Een zin zoals ‘Als een kus naar tranen smaakt, dan weet ik dat het uur van scheiden slaat’ van Jimmy Frey is toch ongelooflijf krachtig en mooi. Ja, dat is waar. In de zogenaamde, banale smartlap schuilt dikwijls heel veel waarheid.
Daarentegen schrapte Tom Barman ‘Het werd zomer’ - ooit een hit voor Rob De Nijs - van z’n repertoire, omwille van teveel hilariteit in de zalen. Toch is dit een goed én sterk nummer. In het milieu van de zogenaamde intellectuelen, die last hebben om hun ware gevoelens te tonen of te uiten, zijn zulke songs niet waardig om door hen geciteerd te worden, laat staan om ze te beluisteren. Hun hart is bedekt door cynisme. Dat is hun probleem.

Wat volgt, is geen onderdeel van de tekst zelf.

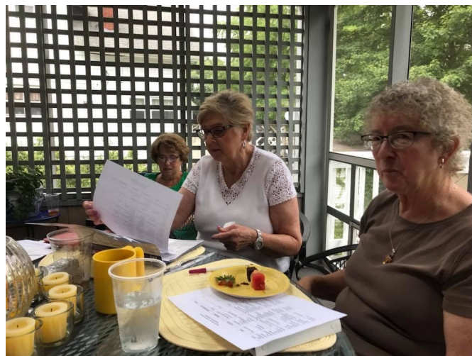
XI's Chapter meets to set goals for the year.

Every goal chosen should be reviewed for the outcomes that it will provide. Abandon goals that have no benefit to the membership

Leest Guido Belcanto veel? Ja, en waar ik altijd op terugval zijn de romantische naturalisten van de negentiende-eeuwse literaire wereld zoals Flaubert, Emile Zola, Arthur Rimbaud, Oscar Wilde... Eigenlijk zijn zij ook veredelde smartschrijvers. Vooral Guy de Montpassant schreef schitterende kortverhalen. Over bijna elk verhaaltje van hem zou ik een levenslied kunnen schrijven. Pas heb ik praktisch in één ruk de biografie van Rimbaud door Graham Robb uitgelezen. Deze kanjer van 560 pagina’s blijft tot
de laatste blz ongelooflijk boeiend. Al hun levens heb ik bestudeerd, omdat ik echt wil weten wat voor mannen dat waren die zulke mooie dingen bij elkaar hebben geschreven. Als ik een roman lees heb ik altijd een potloodje bij de hand, zoals een echte student. Een zin die mij frappeert onderlijn ik en ik schrijf er soms wat notities bij. Als songwriter en als schrijver probeer je niet anders dan het leven een beetje in kaart te brengen. Door mijn liedjes breng ik als het ware een beetje orde in de chaos van mijn leven.
De platenindustrie ligt momenteel bijna volledig op zijn gat. Geef jij je cd’s al in eigen beheer uit? Ja, of liever half en half. De distributie en promotie laat ik nog aan hen over. Er zijn en blijven wel firma’s geïnteresseerd. Ik kan binnenkort zelfs gaan praten met de baas van Virgin. Men is me niet helemaal vergeten, da’s hoopvol. Moest er nu geen kat meer naar me omkijken, dan zou ik wel in de put zitten, vrees ik. Ik zal altijd wel blijven optreden, wat ik de laatste tijd weer erg graag doe. Ik kan het nu beter relativeren. mijn lot of mijn leven staat of valt niet met één concert. Vroeger dacht ik altijd van het is alles of niks als ik een podium opstap. Tijdens mijn periode dat ik nog niet helemaal uit mijn depressie was, had ik soms een jointje nodig om te kalmeren. De track is nu veel verminderd. De eerste concerten van ‘Koning & Clochard’ zijn zodanig meegevallen dat ik terug meer zelfvertrouwen heb. In de schemerzone tussen zwaar en licht depressief heb ik - vaak tegen m’n zin opgetreden. Dat was de hel. Ik sleepte mij naar die zaal en stond er als een robot op het podium, bomvol medicatie. Ik haspelde zo’n optreden helemaal af op automatische piloot. Ik stond daar gevoelloos mijn ding te doen, afschuwelijk gewoon.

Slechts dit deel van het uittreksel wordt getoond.